National Endowment of the Arts Paints a Poor Picture of CNMI's Grants Management

August 26, 2010

The Office of the Inspector General filed a "Limited Scope Audit Report" on the NEA Grants to the Commonwealth Council on Arts and Culture (CCAC) that revealed serious violations of federal law and misuse of federal funds.

The CCAC is headed by Angel S. Hocog and falls under the Department of Community and Cultural Affairs, which is headed by Secretary Melvin Faisao.

The audited stated that during the period under review, the Council had five NEA grants active with awards totaling $1,012,020, with 4 audited ones showing misuse of funds. The NEA grants are funded by U.S. tax dollars.

The audit reported:
Some of these conditions which may impact NEA’s funding were noncompliance with requirements regarding allowable costs/cost principles and activities, cash management, equipment management, prohibitions concerning awards to excluded parties, procurement and reporting requirements, and matching level of effort and eligibility requirements.
The audit cited mismanagement and potential conflict of interest stating:
Indicators of mismanagement and conflict of interest were identified in each of the grants we reviewed. The Council awarded grants to ineligible recipients and organizations such as former and current government and Council employees as well as Board members. We also found that grants were awarded to an employee who neither applied nor received award funds. Additionally, expenses were also charged for travel, per diems and stipends for ineligible recipients. 
...we noted several grants were awarded to an employee, in the amount of $18,350, charged to both the NEA grant and matching portions. However, the employee stated that they did not apply nor receive any of these awards, with the exception of a grant in the amount of $300.00 for teaching traditional coconut weaving. We also reviewed a copy of an award check made payable to the same employee, addressed to the employee at the Council’s P.O. Box, however it was picked up by someone other than the employee.

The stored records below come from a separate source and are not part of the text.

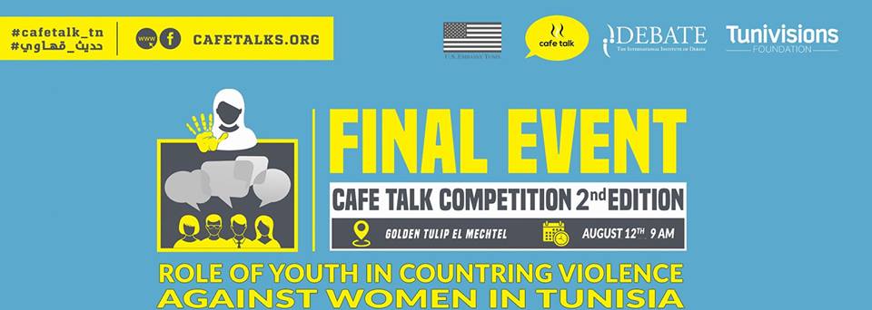The International Institute of Debate, the US embassy Tunis and Tunivisions Foundation are honored to invite you to the final event of the second edition of the Cafe Talk Competition that will be held in Golden tulip el Mechtel on August 12th starting from 9a.m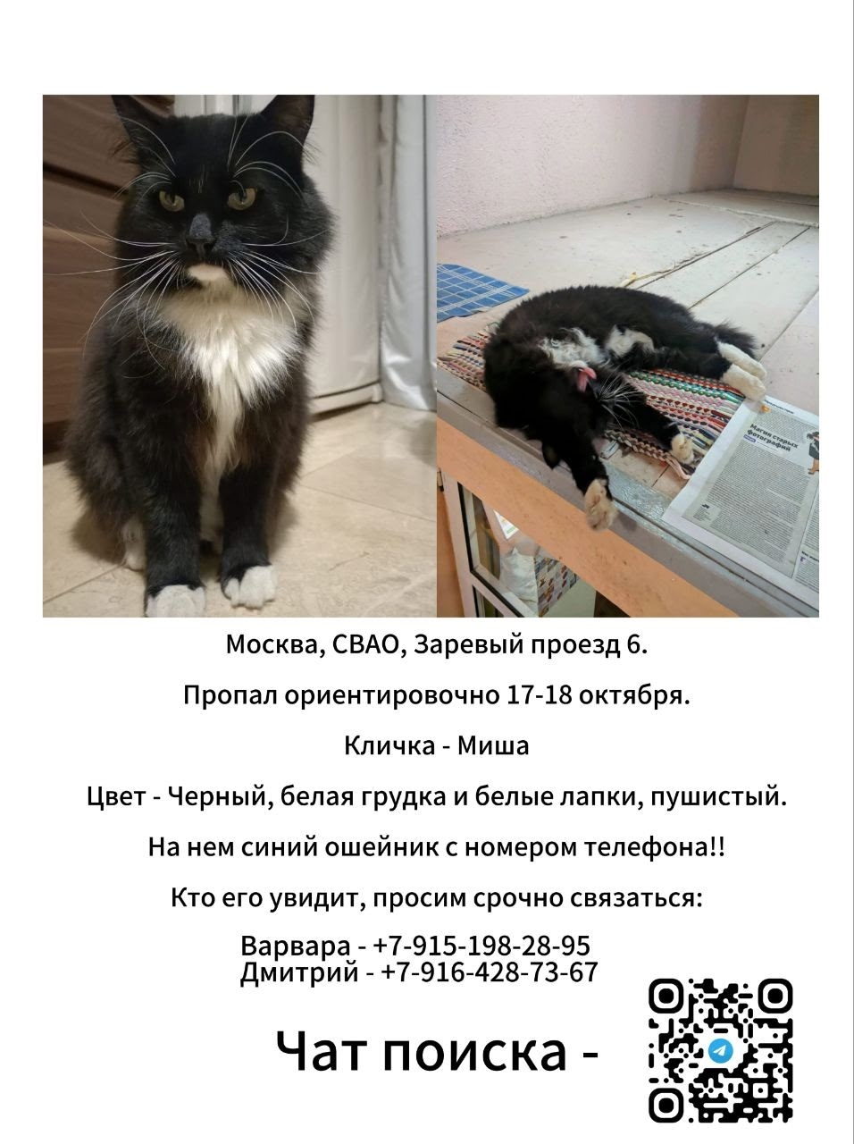 ‼️ПРОПАЛ КОТ‼️ Москва, СВАО, Заревый проезд 6. Пропал..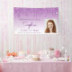 Celebra su graduación de la secundaria o la universidad con esta moda, glamorosa pancarta de fotos, con un brillante purpurina falso morado goteando la frontera y un fondo morado. Reemplace fácilmente la imagen de muestra con una foto del graduado. Personalízalo con su nombre en escritura a mano morada, con el año de clase y el nombre de la escuela debajo en letra sans serif.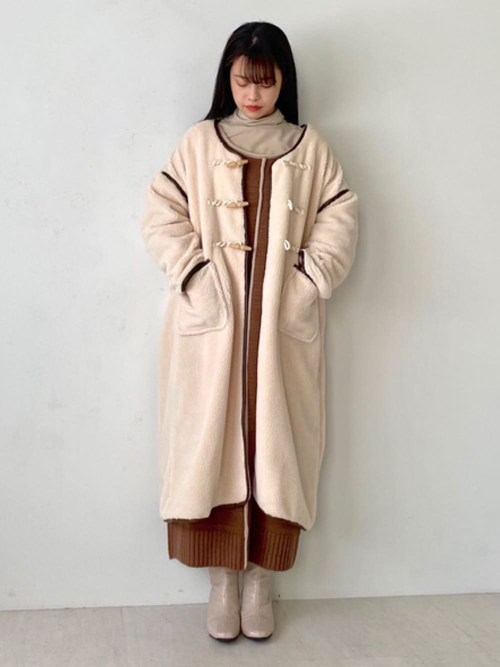 レディライクにも、カジュアルにも着れる万能コート!中に割と袖幅のあるニットを着ていますがゴワゴワしません◎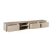 Het tv-meubel beschikt over twee open vakken, ideaal voor media-apparatuur, en drie greeploze lades voor het netjes opbergen van accessoires. De strakke, greeploze afwerking geeft het meubel een rustige en minimalistische uitstraling.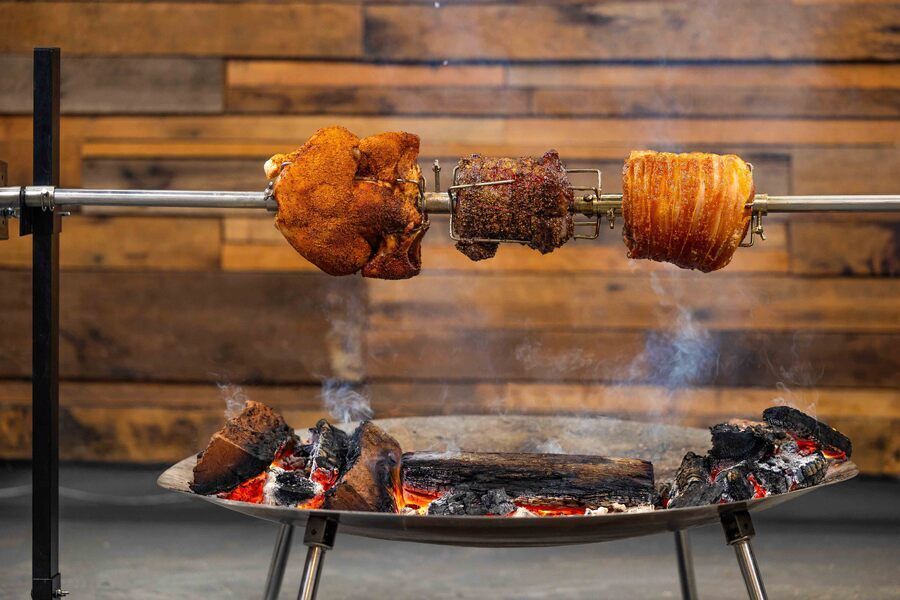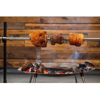 | Skewer | 2-piece stainless steel skewer 160cm L × 22mm D. Can be used as a full-length rod or halved for smaller roasts |

Therefore, we are recommending that NEA disallow the following costs charged to the grants, reducing the total outlays reported by the indicated amounts for each grant:
Not suprisingly, the audit revealed that grants were improperly awarded to relatives and politically connected employees:
...we found the Council made several awards and payments to ineligible award recipients and companies such as former and current employees, employees of the CNMI Office of the Governor, relatives, Council Board members and companies owned by relatives.
The audit also revealed that the Council claimed unallowable costs including food, hotel expenses and the purchase of vehicles. Furthermore, the Council did not maintain employee personnel records and activity reports as required by the terms of the grants.

The audit report stated:
A telephone conference was also held with Council officials on August 16, 2010. They acknowledged and generally agreed with the findings and recommendations made to the Council, and indicated they were in agreement on implementing the recommendations.
The $574,707 spent on personnel activity was also questioned.

In January 2010, the Saipan Tribune reported that acting Arts Council Director stated the Council was suffering for money:
In an earlier interview with Arts Council acting executive director Vince Rabauliman, he had said the council is still reviewing plans to relocate the gallery to Garapan, where most tourists congregate. Rabalulimas said that due to the funding shortage, the council was unable to move the exhibit to another location last year.

“We want to move it around.but we're hampered by the funding shortage. We don't have enough money to pay for the rent. That's why we're seeking the community help by helping us with the space for our exhibits,” he added.
On Tuesday of this week, current CCAC Director Angel S. Hocog asked Saipan and Northern Islands Legislative Delegation chair Rep. Ray A. Tebuteb (R-Saipan) for $30,000 to pay for past bills from the Flame Tree Arts Festival and the upcoming Guam Micronesian Fair scheduled for October 2010. CCAC budget woes were also discussed in a July 2010 article:
Hocog said they are still waiting for funding from the National Endowment for the Arts.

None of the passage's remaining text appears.